Each month, economists eagerly await the U.S. Department of Labor’s (DOL) jobs report. The report provides analysts a snapshot of the nation’s economic health by measuring the number of jobs the economy added or lost in the previous month. Based on a recent study, perhaps HR managers should review the monthly jobs report, too. The study found a remarkably strong correlation between the national unemployment rate and the number of charges filed with the Equal Employment Opportunity Commission (EEOC)

The data
According to The Wall Street Journal, unemployment rates dropped in all 50 states in 2014. The last time the economy achieved that feat, Ronald Reagan occupied the White House, and Mark Zuckerberg occupied a crib. So far, the job growth trend has continued into 2015.  Total nonfarm payroll employment increased by 173,000 in August, dropping the nationwide unemployment rate to 5.1%.

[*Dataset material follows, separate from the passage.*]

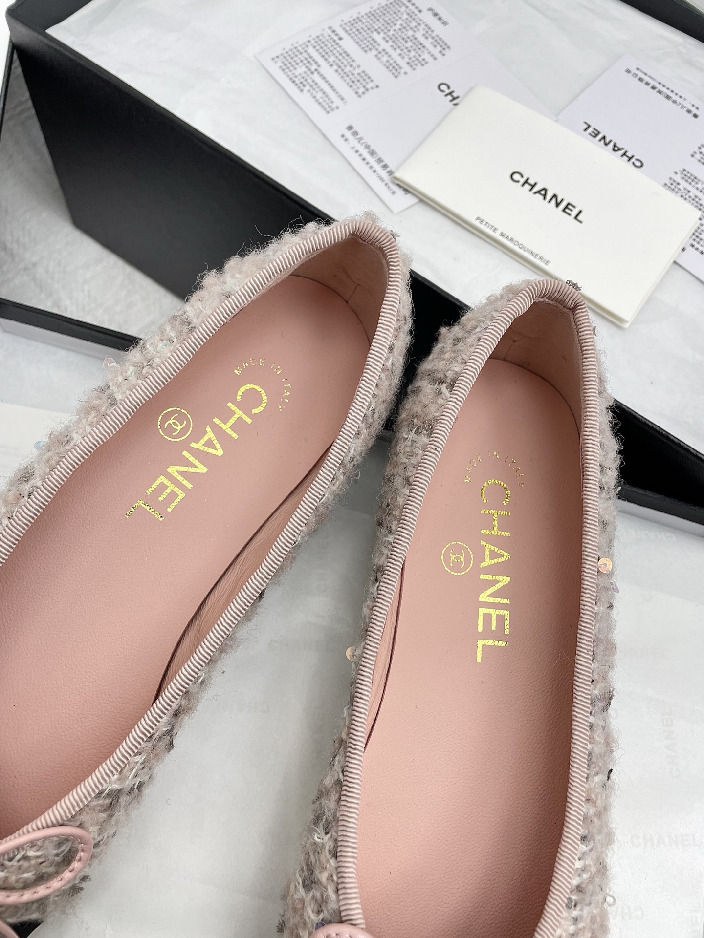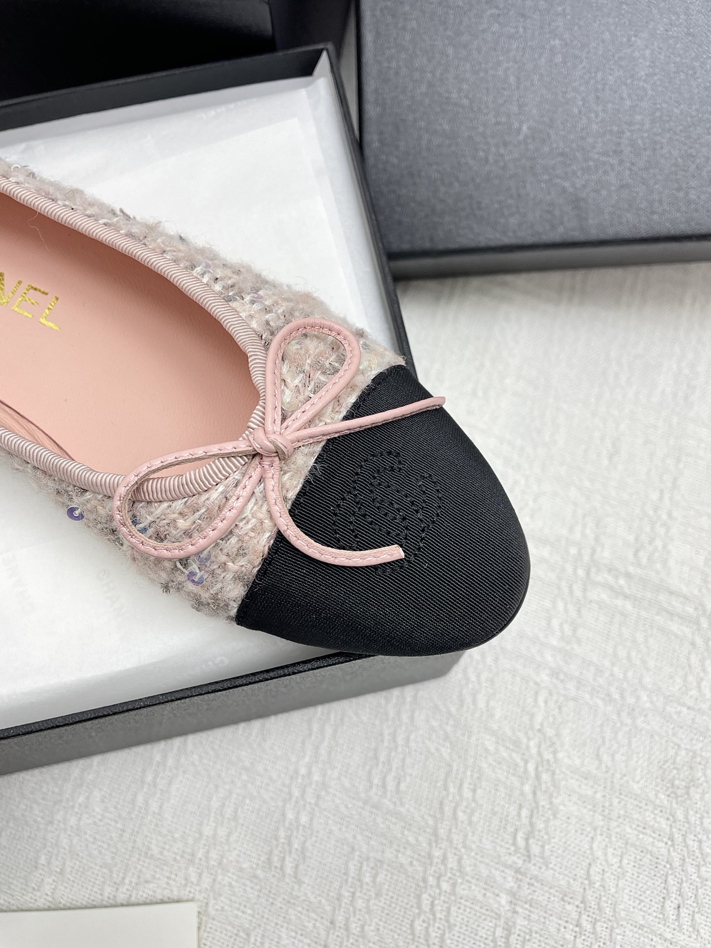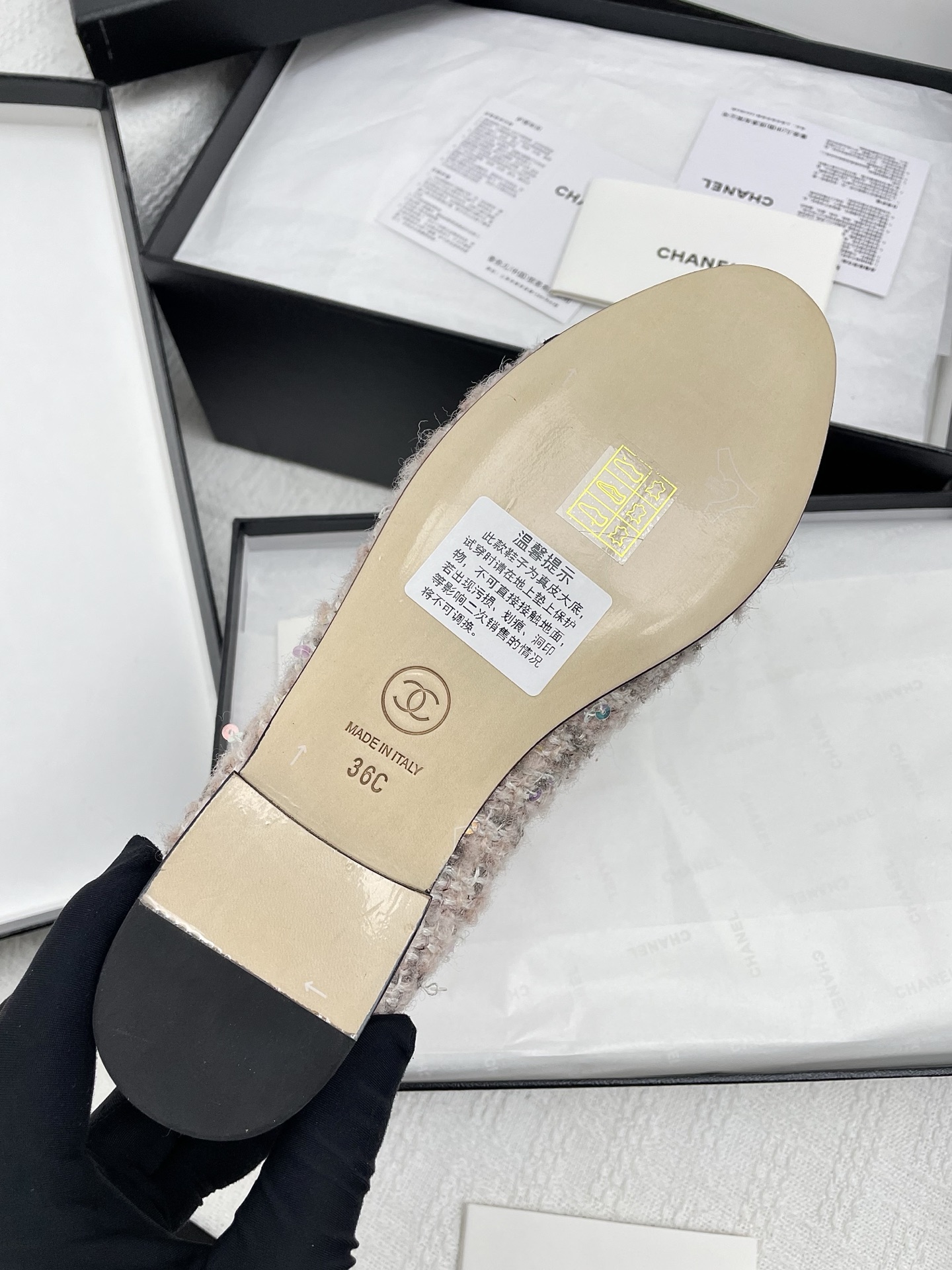 這款鞋子是AAAAA 1:1 質量(非常棒). 使用了和原版一模一樣的材料. 商標部分也保持了和香奈兒/Chanel一樣. 圖片拍攝是實物鞋子拍攝, 您所收到的實物保證和我們圖片一模一樣.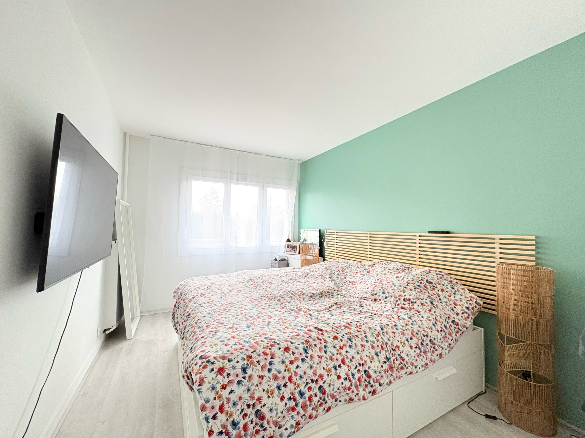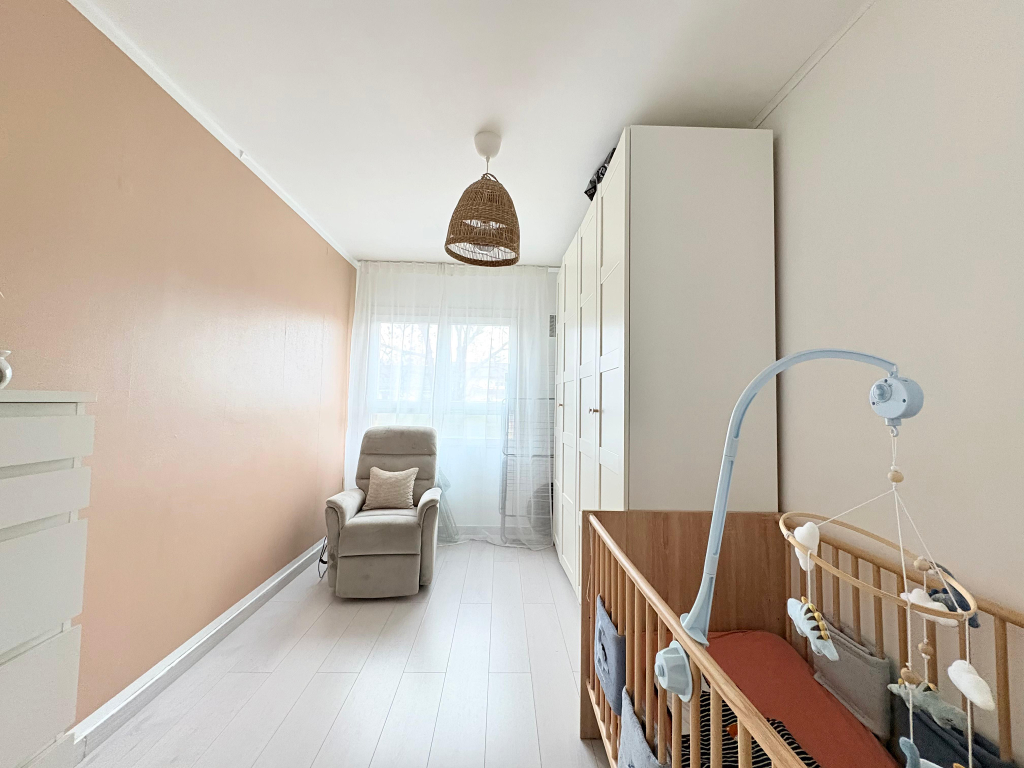Il se compose d'une entrée avec placard, d'une spacieuse pièce de vie avec cuisine ouverte aménagée, de trois chambres, d'une salle d'eau, d'un WC indépendant ainsi que d'un espace buanderie. Une cave et une place de parking complètent ce bien. Il est également possible d'acquérir un box fermé en supplément pour 15 000 EUR.

Meanwhile, 2014 also saw a decrease in the number of employment discrimination charges filed with the EEOC. According to an annual report from the EEOC, the number of claims based on race, sex, national origin, religion, age, and disability decreased last year.

Noticing the trends, a noted employment law blogger compared the national unemployment rate on January 1 of the past several years to the number of charges filed with the EEOC in the preceding year and found a striking correlation. The post can be found at www.lawfficespace.com/2015/02/new-chart-eeoc-charges-vs-unemployment.html. The correlation is clear: Over the past decade, the lower the unemployment rate, the fewer discrimination charges are filed with the EEOC.

What to make of the numbers
I should preface this section with the motto of every high-school statistics teacher: Correlation does not equal causation. In other words, we cannot necessarily conclude that a weak economy causes employees to file charges with the EEOC. That said, the job market could influence the likelihood that your company will face a discrimination charge for several reasons.

First, if the unemployment rate is low, employers will generally terminate fewer employees. When the job market is highly competitive, employers may decide to hold on to marginal performers rather than risk being unable to find suitable replacements. If fewer employees are being fired, it stands to reason that fewer employees will believe they have been wrongfully terminated. The state of the economy is unlikely to influence how many managers at your company are biased, but it may affect how frequently they manifest that bias.

Not only are fewer employees fired in a strong labor market, but employees who are terminated also have an easier time finding a new job. That will not necessarily dissuade a would-be claimant from filing suit. However, when a former employee is weighing the costs and risks of filing a claim, her overall economic situation will likely influence her decision. In a poor economy, a former employee with a weak claim may feel like she has no choice but to file a lawsuit in an attempt to get her job back.

Takeaway
There are a number of reasons to hope that economic conditions will continue to improve across the country. Although a strong job market may affect the likelihood that your company will face a discrimination lawsuit, that does not mean you can put your guard down.

A common mistake employers make is to give generic, rubber-stamp performance reviews to marginal performers when business is booming, only to crack down when times are tough. If an employee can make a credible attempt to tie a change in evaluation results to an incident exhibiting supervisor bias, he will have the makings of a discrimination claim. You cannot control global economic forces, but you can control whether your company follows sound employment practices in good times and bad.